┌──

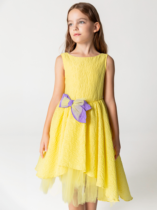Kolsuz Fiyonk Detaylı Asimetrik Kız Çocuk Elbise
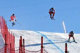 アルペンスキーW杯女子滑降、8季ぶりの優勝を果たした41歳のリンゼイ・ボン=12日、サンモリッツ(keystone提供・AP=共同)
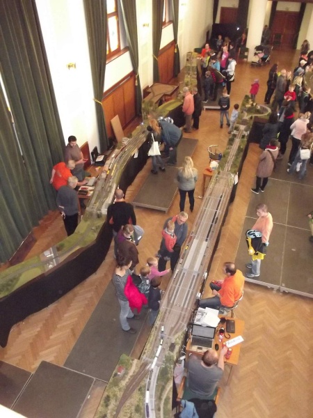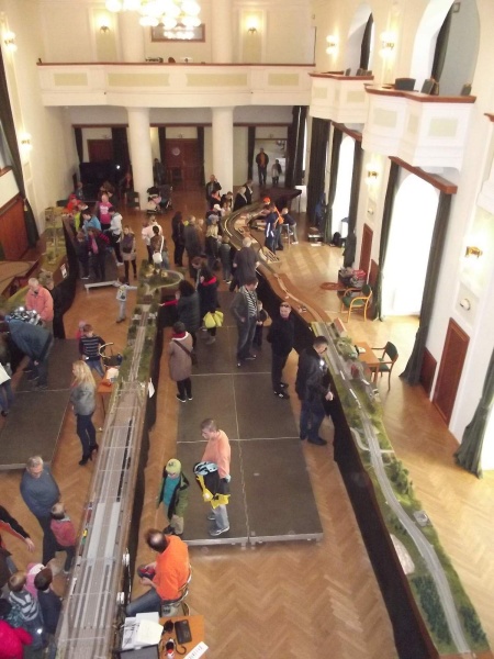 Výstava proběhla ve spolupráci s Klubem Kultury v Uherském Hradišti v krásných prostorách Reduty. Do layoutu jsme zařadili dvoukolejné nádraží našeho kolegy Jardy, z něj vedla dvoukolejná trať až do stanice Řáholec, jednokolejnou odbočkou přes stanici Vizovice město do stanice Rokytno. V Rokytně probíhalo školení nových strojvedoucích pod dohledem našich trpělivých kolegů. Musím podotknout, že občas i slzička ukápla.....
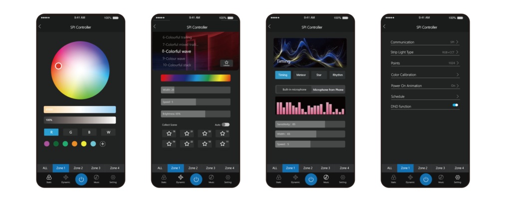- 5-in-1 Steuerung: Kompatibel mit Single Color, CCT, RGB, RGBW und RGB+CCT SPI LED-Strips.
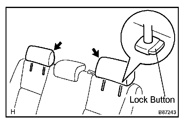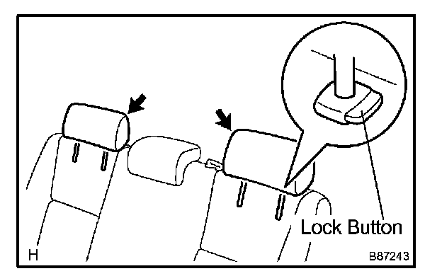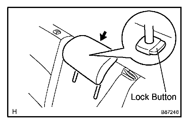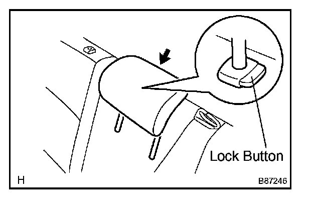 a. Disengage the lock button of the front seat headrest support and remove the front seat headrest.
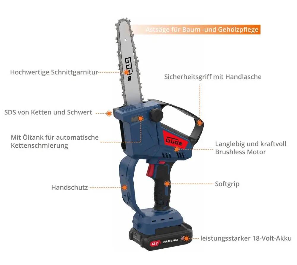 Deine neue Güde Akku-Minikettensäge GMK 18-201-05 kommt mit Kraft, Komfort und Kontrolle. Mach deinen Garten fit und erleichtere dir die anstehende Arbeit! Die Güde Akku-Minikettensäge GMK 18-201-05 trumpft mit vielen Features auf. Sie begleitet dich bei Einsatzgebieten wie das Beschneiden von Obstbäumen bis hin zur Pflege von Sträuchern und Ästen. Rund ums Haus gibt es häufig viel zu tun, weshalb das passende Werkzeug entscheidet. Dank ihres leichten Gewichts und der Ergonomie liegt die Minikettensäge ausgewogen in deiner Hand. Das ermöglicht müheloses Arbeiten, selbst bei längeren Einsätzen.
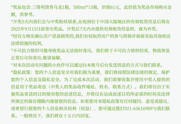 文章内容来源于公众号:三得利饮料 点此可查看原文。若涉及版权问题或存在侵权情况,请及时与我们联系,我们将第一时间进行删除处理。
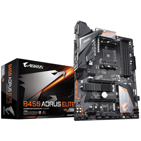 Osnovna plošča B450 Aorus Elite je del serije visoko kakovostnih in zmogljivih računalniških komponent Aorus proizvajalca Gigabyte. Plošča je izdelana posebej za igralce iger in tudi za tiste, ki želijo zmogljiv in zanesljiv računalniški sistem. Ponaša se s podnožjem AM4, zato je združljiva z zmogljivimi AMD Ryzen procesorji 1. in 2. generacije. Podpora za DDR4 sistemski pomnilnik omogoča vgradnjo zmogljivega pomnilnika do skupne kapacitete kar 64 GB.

└──

• EXERCISE REQUIREMENTS:
Copy only these lines from the records above, exactly: the one with "- 5-in-1 Steuerung: Kompatibel", the one with "a. Disengage the", and those between. Skip the pictures.

• SOLVED EXERCISE:
- 5-in-1 Steuerung: Kompatibel mit Single Color, CCT, RGB, RGBW und RGB+CCT SPI LED-Strips.
 a. Disengage the lock button of the front seat headrest support and remove the front seat headrest.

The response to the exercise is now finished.